The Princess Bride remains quite the iconic book and movie for tons of people who grew up in the 1970s and 1980s (and, hopefully, other ages as well... but I can only speak from experience). A huge number of lines have lived on from that movie and become mainstays in popular culture. And like all sorts of great culture, it has inspired plenty of additional creativity around the original as well. A guy named Joe Brack created a one-man show called My Princess Bride, in which he intersperses events and stories from his own life with elements of the book and movie:
While Brack does snippets of re-enactments, he intersperses such scenes with commentary. For example, during a solo parody of the iconic swordfight between Inigo Montoya and the man in black, Brack explains some of the history behind the obscure names of fencers that are thrown around in the dialogue.

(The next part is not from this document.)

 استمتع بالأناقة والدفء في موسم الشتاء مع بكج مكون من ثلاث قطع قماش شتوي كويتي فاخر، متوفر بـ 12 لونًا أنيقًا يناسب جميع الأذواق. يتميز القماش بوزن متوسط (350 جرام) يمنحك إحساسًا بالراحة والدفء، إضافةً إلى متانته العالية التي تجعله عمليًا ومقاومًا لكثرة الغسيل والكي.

But there is also plenty of personal material in the show: At one point Brack talks about the death of his grandmother in 2012.
And, guess what? Just as the one man show was about to come back, someone stepped in with a cease and desist letter, saying that the show infringed. While Brack won't say who sent the cease and desist, there's a pretty short list of whom it might be.

Brack's partner in putting on the show, Matty Griffiths, says they had explored the copyright issues before putting on the show and were reasonably confident that it was fair use -- and it would appear that they have a very strong fair use argument here. But... because of the stupid way our fair use laws work, the only way to definitively know if it's fair use is to spend megabucks on a lawsuit. So, instead, this bit of creativity that people seemed to enjoy... has been shut down. While the two guys seem willing to test it, the theater where they were going to put on the show has bailed out, citing the potential liability.

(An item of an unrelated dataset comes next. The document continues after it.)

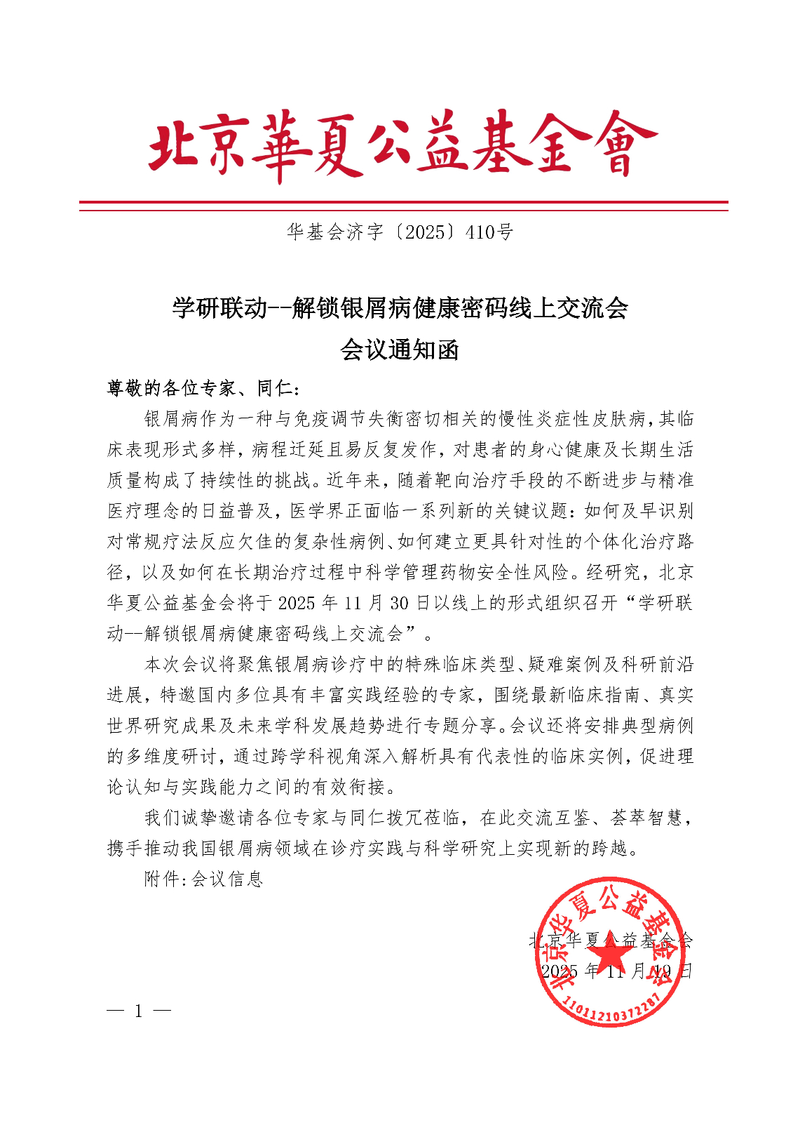 学研联动--解锁银屑病健康密码线上交流会-会议通知函

Yet another bit of creativity completely stomped out thanks to copyright.

Not only that, but it's turning fans of the original into... not fans:
“I’m gutted,” Brack says. “The past two days have been so hard. And whenever I’ve been bummed out and sad, I watch ‘The Princess Bride,’ and I can’t even do that now.”

He owns three copies of the book, and he’s reversed them in his bookcase to hide the titles.

“It feels like I’ve lost a friend,” he says.
Isn't copyright supposed to inspire creativity, rather than stomp it out?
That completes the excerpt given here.